Don Carlos mis en scène par Lydia Steier © Magali Dougados

Mis à part ces menues libertés, le spectacle conçu par Lydia Steier ne bouscule pas l’oeuvre. Il s’appuie avant tout sur la très habile scénographie rotative dessinées par Momme Hinrichs, où le monumental se mêle à l’intime, tandis que, sur les côtés, des figurants évoquent les oreilles de quelque régime totalitaire que l’architecture imposante et les costumes dessinés par Ursula Kudrna peuvent apparenter à l’époque stalinienne. Tamisées par les lumières de Felice Ross, les vidéos habillent certaines séquences, à l’exemple de branchages dénudés par la froidure hivernale dans la plainte populaire au début de l’opéra. La direction d’acteurs affirme une relative raideur qui dépasse sans doute la crédibilité de la dictature, mais préserve la lisibilité du drame et des incarnations.

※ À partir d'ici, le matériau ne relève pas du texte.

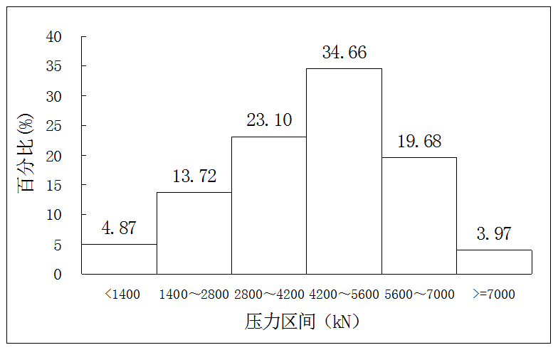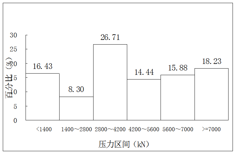 (6)提高了支架的初撐力。支架初撐力達(dá)到支架工作阻力的81%以上;同時加大前梁千斤頂缸徑,其缸徑為φ200,增加了前梁對頂煤的支撐力,提高了支架對新暴露頂板的控制能力。
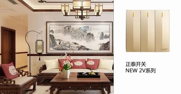 新中式风格装修很适合大板开关,大板开关简约大气,而且方方正正,能融入新中式对称及方圆的平衡。正泰开关NEW 2V系列金色开关,采用传统 “折纸艺术”概念设计,将中国风尚融合现代美学,灵动地勾勒出强烈的空间立体感。金色面板,更衬托出新中式优雅古典的气质和风度。

Dmity Ulyanov (Philippe II) dans Don Carlos mis en scène par Lydia Steier © Magali Dougados

Dans le rôle-titre, Charles Castronovo se distingue par une fougue lyrique et un investissement communicatif, qui compensent une tessiture parfois aux limites d’un rôle qu’il aborde pour la première fois. Rachel Willis Sørensen se révèle une Elisabeth d’une indéniable noblesse, quoiqu’un peu monochrome. L’homogénéité du mezzo d’Eve-Maud Hubeaux rayonne mieux dans la figure d’Eboli, qu’elle cisèle avec une justesse remarquable. Stéphane Degout possède évidemment la carrure de Posa, portée par la densité d’un grain vocal riche de couleurs expressives, par-delà quelques rudesses d’accent au fond anecdotiques. Dmitry Ulyanov convainc en Philippe II par une voix de basse solide, dont les couleurs nourries enveloppent souvent la parole chantée. Egalement en prise de rôle, Liang Li impose l’autorité du Grand Inquisiteur. Les apparitions secondaires, toutes novices dans leur personnage à l’exception du Comte de Lerme par Julien Henric, ne sont pas négligées. Thibault, le moine et la voix céleste reviennent à trois membres du Jeune Ensemble du Grand-Théâtre – respectivement Ena Pongrac, William Meinert et Giulia Bolcato.

A l’instar du sextuor des députés flamands, les choeurs sont préparés avec la précision habituelle par Alan Woodbridge. Quant à la direction de Marc Minkowski, à la tête de l’Orchestre de la Suisse Romande, elle contient les épanchements dans le cadre du grand opéra que Verdi a porté à ses limites. Le génie du compositeur est resitué dans un genre et l’Histoire, le mot clef de la modernité atemporelle de ce Don Carlos.